> RECORDS SUPPLIED

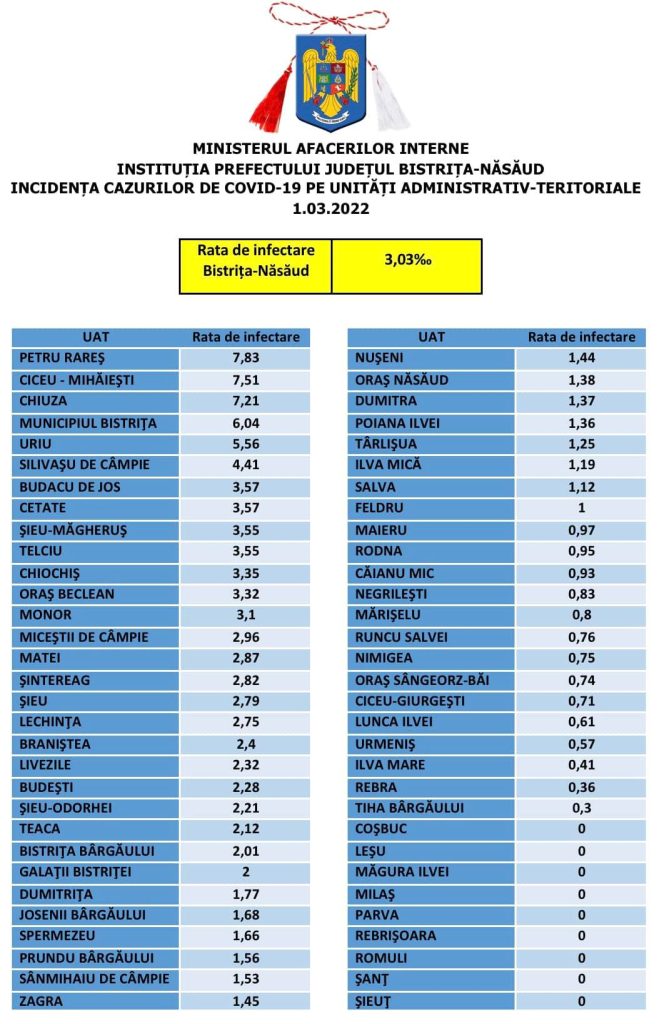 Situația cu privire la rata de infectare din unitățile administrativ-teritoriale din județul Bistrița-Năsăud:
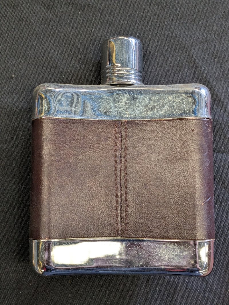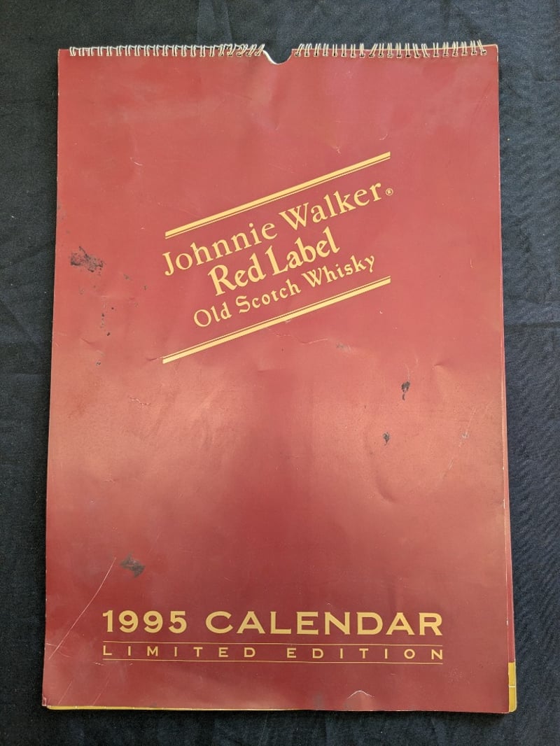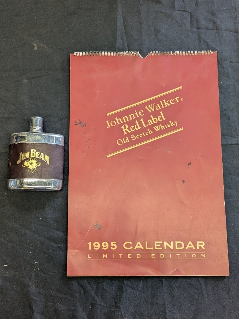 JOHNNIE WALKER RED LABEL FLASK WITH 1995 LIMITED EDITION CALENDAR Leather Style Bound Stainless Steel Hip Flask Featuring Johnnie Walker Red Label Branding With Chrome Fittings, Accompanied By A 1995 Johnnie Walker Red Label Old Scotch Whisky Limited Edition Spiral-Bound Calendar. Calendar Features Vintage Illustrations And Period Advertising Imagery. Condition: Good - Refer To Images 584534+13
==
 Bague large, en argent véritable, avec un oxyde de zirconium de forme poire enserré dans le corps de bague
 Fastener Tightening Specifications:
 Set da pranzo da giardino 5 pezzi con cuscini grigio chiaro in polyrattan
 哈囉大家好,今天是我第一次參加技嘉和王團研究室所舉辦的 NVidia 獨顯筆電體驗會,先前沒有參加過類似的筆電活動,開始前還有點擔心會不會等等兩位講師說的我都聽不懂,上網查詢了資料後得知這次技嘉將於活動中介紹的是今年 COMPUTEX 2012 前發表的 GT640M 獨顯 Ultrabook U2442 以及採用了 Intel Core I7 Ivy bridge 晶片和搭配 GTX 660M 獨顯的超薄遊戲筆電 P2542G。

> TRY IT
Transcribe, exactly and without additions, the lines of the records above, beginning with the line that contains "Set da pranzo" and ending with the line that contains "660M 獨顯的超薄遊戲筆電 P2542G。", both included.

> RESULT OF THIS EXERCISE
 Set da pranzo da giardino 5 pezzi con cuscini grigio chiaro in polyrattan
 哈囉大家好,今天是我第一次參加技嘉和王團研究室所舉辦的 NVidia 獨顯筆電體驗會,先前沒有參加過類似的筆電活動,開始前還有點擔心會不會等等兩位講師說的我都聽不懂,上網查詢了資料後得知這次技嘉將於活動中介紹的是今年 COMPUTEX 2012 前發表的 GT640M 獨顯 Ultrabook U2442 以及採用了 Intel Core I7 Ivy bridge 晶片和搭配 GTX 660M 獨顯的超薄遊戲筆電 P2542G。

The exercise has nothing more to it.